The results of the comparison between the original train timetable and the optimized timetable are shown in Figure 4, where the horizontal axis is the arrival and departure time of trains at various stations and the vertical axis of each station of line 6 (Table 7).

The experimental results show that the optimized metro schedule reduces passenger waiting time by 21.42%, reduces passenger travel time by 22.56% and increases train full capacity by 2.65% compared to the existing schedule. It can be seen that the optimized metro timetable driven by passenger flow data improves passenger satisfaction and train operation efficiency more than the existing planned schedule.

6. Conclusion

By analyzing and mining past passenger flow data, which the metro system creates in large quantities, it is possible to significantly increase operational efficiency and passenger pleasure.

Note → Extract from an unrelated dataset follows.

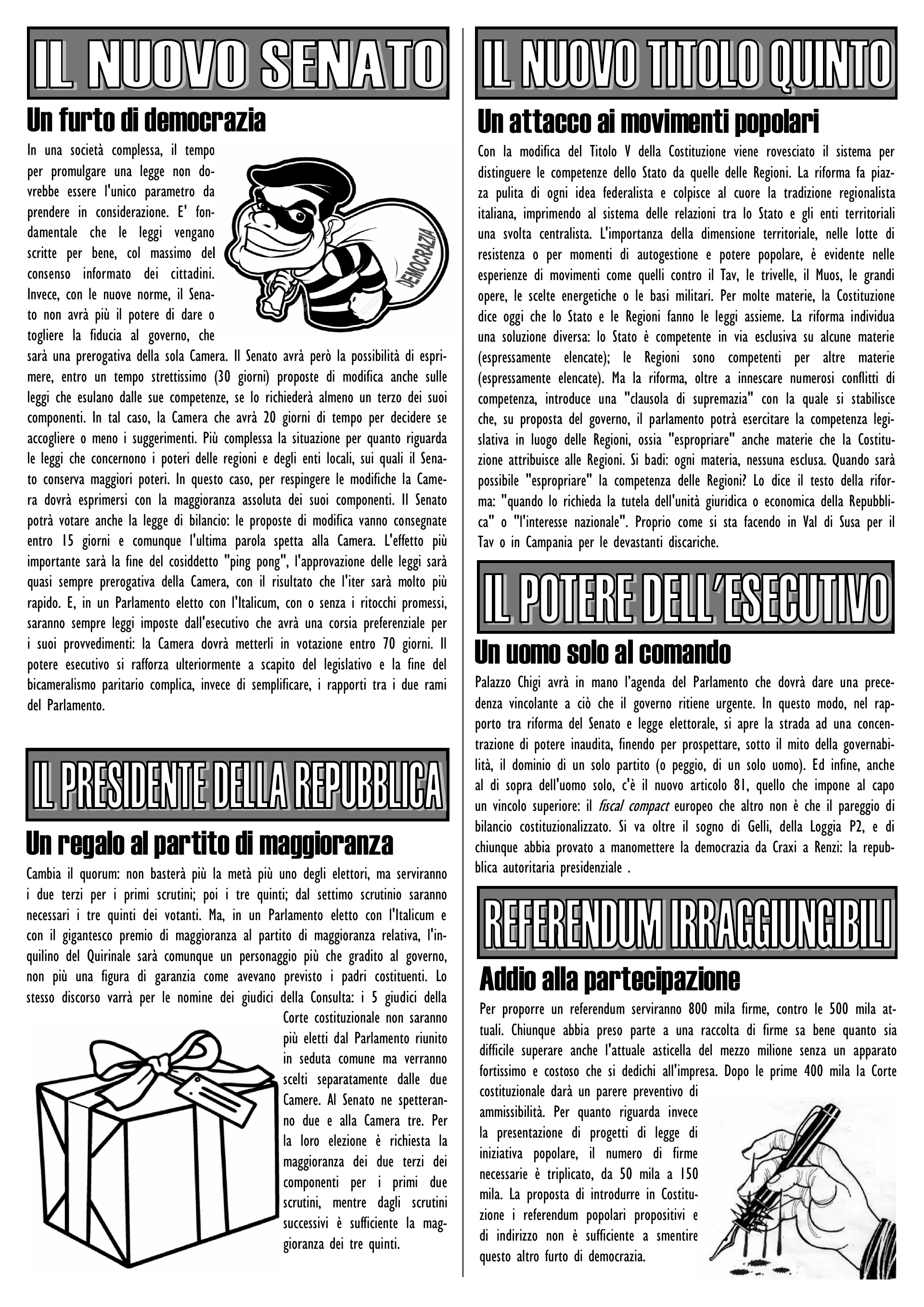Con la modifica del Titolo V della Costituzione viene rovesciato il sistema per distinguere le competenze dello Stato da quelle delle Regioni. La riforma fa piazza pulita di ogni idea federalista e colpisce al cuore la tradizione regionalista italiana, imprimendo al sistema delle relazioni tra lo Stato e gli enti territoriali una svolta centralista. L’importanza della dimensione territoriale, nelle lotte di resistenza o per momenti di autogestione e potere popolare, è evidente nelle esperienze di movimenti come quelli contro il Tav, le trivelle, il Muos, le grandi opere, le scelte energetiche o le basi militari. Per molte materie, la Costituzione dice oggi che lo Stato e le Regioni fanno le leggi assieme. La riforma individua una soluzione diversa: lo Stato è competente in via esclusiva su alcune materie (espressamente elencate); le Regioni sono competenti per altre materie (espressamente elencate). Ma la riforma, oltre a innescare numerosi conflitti di competenza, introduce una “clausola di supremazia” con la quale si stabilisce che, su proposta del governo, il parlamento potrà esercitare la competenza legislativa in luogo delle Regioni, ossia “espropriare” anche materie che la Costituzione attribuisce alle Regioni. Si badi: ogni materia, nessuna esclusa. Quando sarà possibile “espropriare” la competenza delle Regioni? Lo dice il testo della riforma: “quando lo richieda la tutela dell’unità giuridica o economica della Repubblica” o “l’interesse nazionale”. Proprio come si sta facendo in Val di Susa per il Tav o in Campania per le devastanti discariche.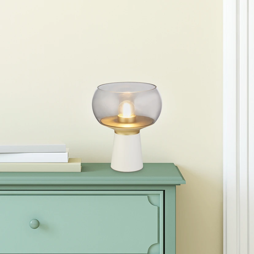 Goblet table lamp made of steel and glass With its elegant base, which is painted white and brass-coloured, the Goblet table lamp impresses with its timeless beauty. Made from a combination of steel and glass, this light exudes durability and style. The smoky grey tinted glass shade adds a touch of sophistication and enhances the look of any room. It can be switched on and off using a switch on the cable. X Goblet has space for an E27 bulb (not included, see accessories).

In this paper, we built a Hadoop big data platform to process and analyze the enormous historical passenger flow data of the Shenzhen metro, then we built a data warehouse to calculate the passenger inbound rate and the station-to-station disembarkation ratio of each station that changes at any time of the day through the Hive component. A multi-objective model considering both trains and passengers is proposed to optimize the train timetable. We have designed a parallel genetic algorithm incorporating simulated annealing algorithm improvements, using the best individual replacement strategy to retain the best individuals to get the best solution. Results of experiments using actual data from Shenzhen metro line 6 show that an improved train timetable can decrease passengers' waiting and transit times while also enhancing the balance of train operations and transportation effectiveness.

In future studies, we will further develop the proposed model with AFC data for multiple line interchanges. We will consider train operations for train turnarounds and turn-backs for the study, and another task to be performed is to analyze the passenger travel characteristics on holidays and weekends to optimize various nonworking day train schedules based on it.

Data Availability

Due to the nature of this research, participants of this study did not agree for their data to be shared publicly, so supporting data is not available.

Conflicts of Interest

The authors declare that they have no conflicts of interest.

Acknowledgments

This work was funded by the Beijing Municipal Natural Science Foundation (Grant No. L201015); the National Key R&D Program of China (Grant No. 2020YFC0833104); and The Green, Intelligent and Safe Mining of Coal Resources (Grant No. 52121003).